In this version, we implemented only two kinds of sensors. The ToF sensor sends a purchase event to AWS when detecting a customer's motion of reaching out for products, but at this point, the system cannot confirm whether he/she grabbed the product or not. The purchase event will be matched on AWS with the information from the second type of sensor - weight sensor, and if there is a weight decrease from a product's container, then the system would conclude that the product has been purchased.
A key to processing the multiple sensor data is through their timestamps. However, they don't usually match up perfectly, so a difference of a few seconds should be allowed. For example, when the timestamp of a purchase event is at 14:20.50, the weight sensor detects it at 14:20.51. In our system, the events of a few second difference are recognized as simultaneous events.
Enter, Pay, Then Leave
Customers enter the store using a QR code in a mobile app. Upon checking-in, they are authenticated via AWS Cognito and the API will be triggered on AWS, just like normal mobile applications.
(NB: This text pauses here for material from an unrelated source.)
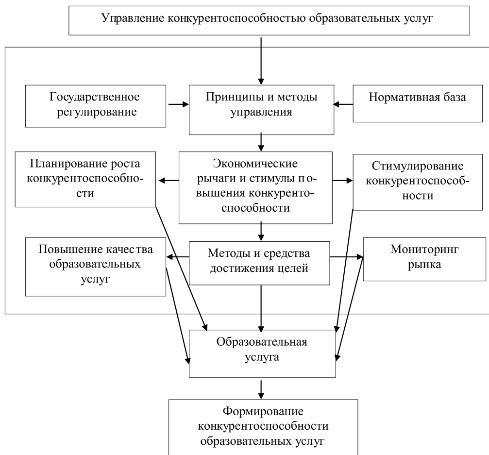
Рис. 2. Экономический механизм, обеспечивающий формирование конкурентоспособности образовательных услуг

находятся эти учреждения, в соответствии с государственными заданиями (контрольными цифрами приема) на подготовку специалистов, бакалавров и магистров.

What is unique though to this cashier-less store, is that the authentication is matched with the tracking data collected by ToF sensors. In the store, ToF sensors track the customers, regardless of their checking-in. Therefore, the data itself cannot tell who purchased the products, which have been taken. In order to identify the customer, an event is sent by a ToF sensor when a customer enters the store, and it's matched with the check-in information sent via the mobile app.
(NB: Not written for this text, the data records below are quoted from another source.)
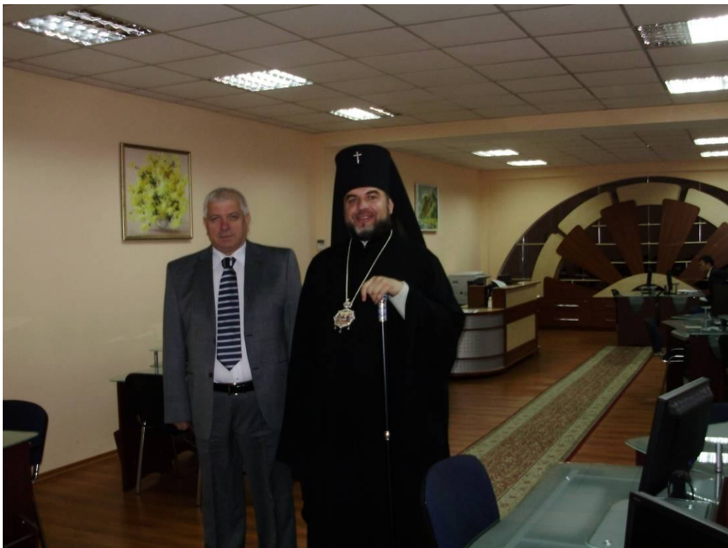
В електронній залі університетської бібліотеки з архієпископом Вінницьким і Могилів-Подільським Симеоном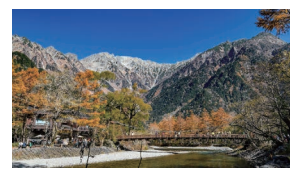
上高地河童橋

▶問合せ 地域力推進課区民施設担当 ☎5744-1229 FAX5744-1518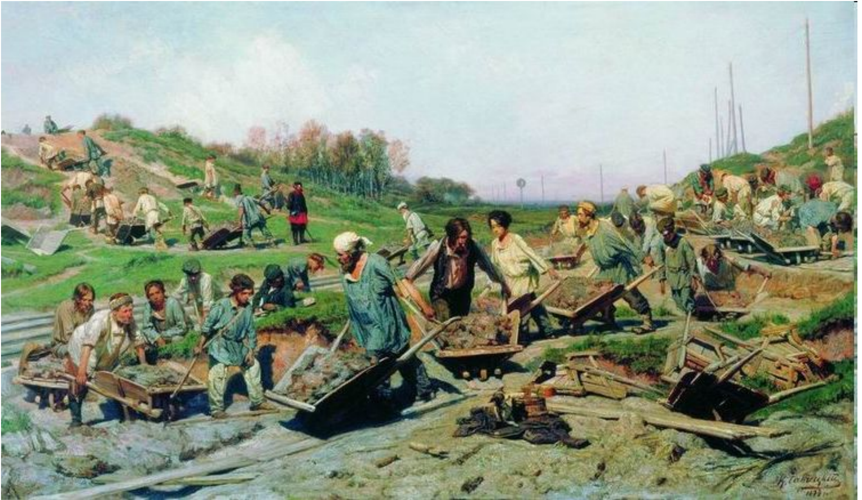
Ремонтные работы на железной дороге, 1874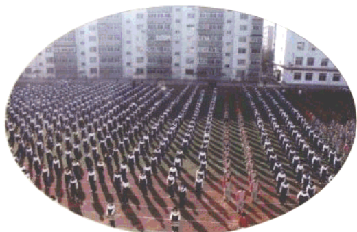
沈阳市第五十一中学的体育活动

Similar processes occur when a customer leaves from a store. Whenever a customer that has been tracked by sensors goes out of the store area, an exit event will be sent to AWS. AWS matches it with the check-in information and the system can assess that the customer has successfully exited.
When you leave from the store, you'll receive a payment report in the mobile app as seen below.
The Development Story
This version was quite simple in the end. While we initially used web cameras for image analytics, we eventually shifted to the local processing of ToF sensors.
By using ToF sensors, the sensor and the local system can both track customers in a store and detect their motion of reaching out for products. These processings are done locally and are called "edge processing."
It was possible to use edge processing for the whole system. For instance, if the tracking system of weight sensors was integrated, then only simple APIs need to be published. However, the more you engage the sensor edge process, the more complicated the edge processing becomes. Additionally, the higher hardware specs should be required for the complicated processing, which would cost more.
On the other hand, it was also possible to upload the static images and videos onto AWS and analyze them by using other AWS services. In this case, the edge processing should be simple, which requires cheaper hardware. While initial costs (i.e. hardware costs) are minimized and the barriers to entry are lowered, running costs are pay-as-you-go and therefore might ultimately increase.
The balance between the edge and the cloud is critical. And one can never know what a good balance is until you actually test them in actual environment.
If more sensors are implemented, the system would be able to acknowledge the purchase event more accurately. We're going to increase the number, or variation of sensors and test them for future development.
Our Classmethod team will continue to work on developing Yokota de Go, and we will keep you updated on our progress!